We’ve seen that a lazy language without the call-by-need optimization is too slow to be practical, but the optimization makes using side-effects extremely confusing. Specifically, when we deal with side-effects (I/O, mutation, errors, etc) the order of evaluation matters, but in our interpreter expressions are getting evaluated as needed. (Remember tracing the prime-numbers code in Lazy Racket — numbers are tested as needed, not in order.) If we can’t do these things, the question is whether there is any point in using a purely functional lazy language at all — since computer programs often interact with an imperative world.

There is a solution for this: the lazy language does not have any (sane) facilities for doing things (like printf that prints something in plain Racket), but it can use a data structure that describes such operations. For example, in Lazy Racket we cannot print stuff sanely using printf, but we can construct a string using format (which is just like printf, except that it returns the formatted string instead of printing it). So (assuming Racket syntax for simplicity), instead of:

(define (foo n)
  (printf "~s + 1 = ~s\n" n (+ n 1)))

we will write:

(define (foo n)
  (format "~s + 1 = ~s\n" n (+ n 1)))

and get back a string. We can now change the way that our interpreter deals with the output value that it receives after evaluating a lazy expression: if it receives a string, then it can take that string as denoting a request for printout, and simply print it. Such an evaluator will do the printout when the lazy evaluation is done, and everything works fine because we don’t try to use any side-effects in the lazy language — we just describe the desired side-effects, and constructing such a description does not require performing side-effects.
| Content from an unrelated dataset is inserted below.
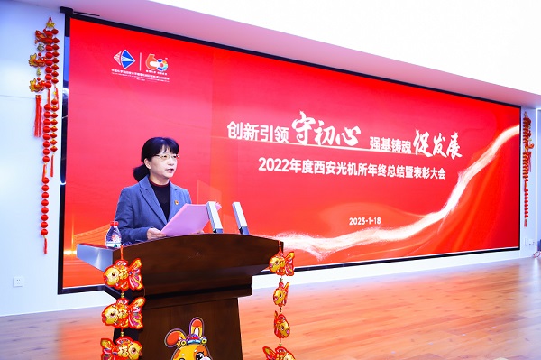 1月18日下午,西安光机所召开2022年度年终总结暨表彰大会。在所所领导班子成员、党委委员、纪委委员、总师、专务、所务委员,职工代表,研究部、室负责人,机关全体人员及受表彰对象欢聚一堂,共庆佳绩,喜迎新春。会议由纪委书记梁峻主持。
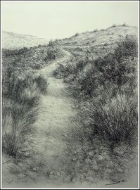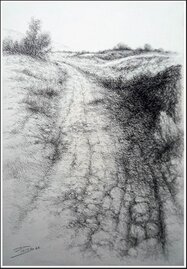"Path II" Pitt charcoal on cream grey cardboard 70 × 50 cms.

But this only solves printing a single string, and nothing else. If we want to print two strings, then the only thing we can do is concatenate the two strings — but that is not only inefficient, it cannot describe infinite output (since we will not be able to construct the infinite string in memory). So we need a better way to chain several printout representations. One way to do so is to use a list of strings, but to make things a little easier to manage, we will create a type for I/O descriptions — and populate it with one variant holding a string (for plain printout) and one for holding a chain of two descriptions (which can be used to construct an arbitrarily long sequence of descriptions):

(define-type IO
  [Print  String]
  [Begin2 IO IO])

Now we can use this to chain any number of printout representations by turning them into a single Begin2 request, which is very similar to simply using a loop to print the list. For example, the eager printout code:

(: print-list : (Listof A) -> Void)
(define (print-list l)
  (if (null? l)
    (printf "\n")
    (begin (printf "~s " (first l))
          (print-list (rest l)))))

turns to the following code:

(: print-list : (Listof A) -> IO)
(define (print-list l)
  (if (null? l)
    (Print "\n")
    (Begin2 (Print (format "~s " (first l)))
            (print-list (rest l)))))

This will basically scan an input list like the eager version, but instead of printing the list, it will convert it into a single output request that forms a recipe for this printout. Note that within the lazy world, the result of print-list is just a value, there are no side effects involved. Turning this value into the actual printout is something that needs to be done on the eager side, which must be part of the implementation. In the case of Lazy Racket, we have no access to the implementation, but we can do so in our Sloth implementation: again, run will inspect the result and either print a given string (if it gets a Print value), or print two things recursively (if it gets a Begin2 value). (To implement this, we will add an IOV variant to the VAL type definition, and have it contain an IO description of the above type.)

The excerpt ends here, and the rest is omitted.